On Dec 29, 2011, at 9:51 PM, Michael D. Adams wrote:

> What would it take to get an "-XOverloadedQuotes" flag of the same
> sort as the "-XOverloadedStrings" flag?  I.e. "[| ... |]" would have
> type "Quasi m => m Exp" instead of "Q Exp" and any splices in that
> quotation expect the contents of that splice to have type "m Exp".

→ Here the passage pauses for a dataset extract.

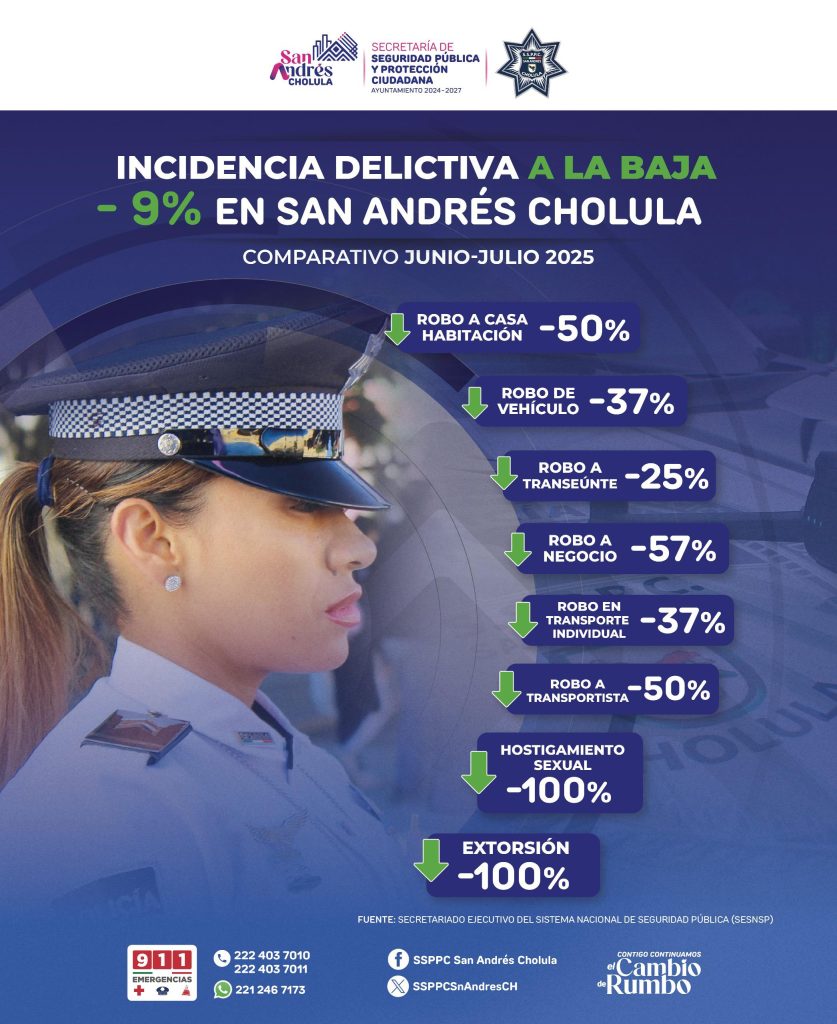 San Andrés Cholula, Pue.- El Ayuntamiento de San Andrés Cholula, encabezado por la presidenta municipal Lupita Cuautle Torres, informó que durante julio de 2025 la incidencia delictiva disminuyó un 9% en comparación con el mes anterior, de acuerdo con cifras del Secretariado Ejecutivo del Sistema Nacional de Seguridad Pública (SESNSP).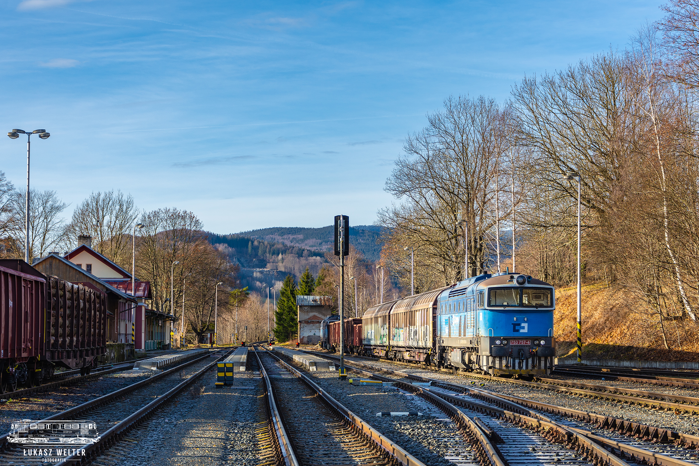 Duet nurków w postaci 753 757-4 i na popychu krótkiej zdawki 753 766-5, stoją sobie wygaszone na stacji Lipová-lázně, gdzie za około 2h, drużyna trakcyjna dostanie gotowe papiery, a po przestawieniu się na tor obok ruszy w drogę do stacji Krnov jako pociąg 62683, po drodze wjeżdżając na chwile do Głuchołaz aby zmienić kierunek jazdy.

> (Obviously, top level splices would still have type "Q Exp" otherwise
> the compiler wouldn't know how to evaluate the monad.)
> 
> I ran into this problem when writing a Template Haskell program in
> which part of it operates in a "StateT S Q a" monad instead of the
> usual "Q a" monad.  (The "S" type stores the state of a memoization
> table of code fragments already generated.  Without it, the code would
> loop infinitely when processing certain recursive structures.)
> 
> It is fairly easy to declare an instance of "Quasi" for "StateT S Q",
> so in order to keep the code clean, I'd like to use quotations with
> splices in them (i.e. [| ... $( ... ) ... |] ) for expressing the
> generated code.  However, quotations and splices are tied to the "Q"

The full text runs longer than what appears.